There was one place in particular that required very cautious angling. It was a spring-hole at the mouth of the Riviere du Milieu–an open space, about a hundred feet long and fifteen feet wide, in the midst of the lily-pads, and surrounded on every side by clear, shallow water. Here the great trout assembled at certain hours of the day; but it was not easy to get them. You must come up delicately in the canoe, and make fast to a stake at the side of the pool, and wait a long time for the place to get quiet and the fish to recover from their fright and come out from under the lily-pads. It had been our custom to calm and soothe this expectant interval with incense of the Indian weed, friendly to meditation and a foe of “Raw haste, half-sister to delay.” But this year Patrick could not endure the waiting. After five minutes he would say:
“BUT the fishing is bad this season! There are none of the big ones here at all. Let us try another place. It will go better at the Riviere du Cheval, perhaps.”
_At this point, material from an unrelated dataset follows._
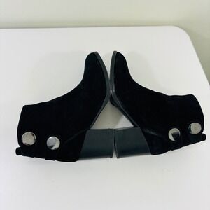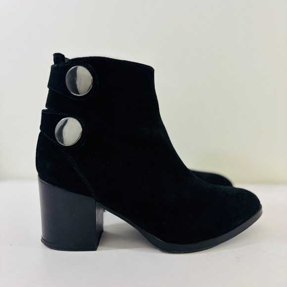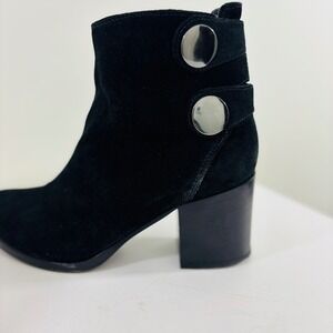 Alberto Fermani Women's Black Suede Heel Leather Ankle Boot Snap Italy Made 6.5

There was only one thing that would really keep him quiet, and that was a conversation about Quebec. The glories of that wonderful city entranced his thoughts. He was already floating, in imagination, with the vast throngs of people that filled its splendid streets, looking up at the stately houses and churches with their glittering roofs of tin, and staring his fill at the magnificent shop-windows, where all the luxuries of the world were displayed. He had heard that there were more than a hundred shops–separate shops for all kinds of separate things: some for groceries, and some for shoes, and some for clothes, and some for knives and axes, and some for guns, and many shops where they sold only jewels–gold rings, and diamonds, and forks of pure silver. Was it not so?
He pictured himself, side by side with his goodwife, in the salle a manger of the Hotel Richelieu, ordering their dinner from a printed bill of fare. Side by side they were walking on the Dufferin Terrace, listening to the music of the military band. Side by side they were watching the wonders of the play at the Theatre de l’Etoile du Nord. Side by side they were kneeling before the gorgeous altar in the cathedral. And then they were standing silent, side by side, in the asylum of the orphans, looking at brown eyes and blue, at black hair and yellow curls, at fat legs and rosy cheeks and laughing mouths, while the Mother Superior showed off the little boys and girls for them to choose. This affair of the choice was always a delightful difficulty, and here his fancy loved to hang in suspense, vibrating between rival joys.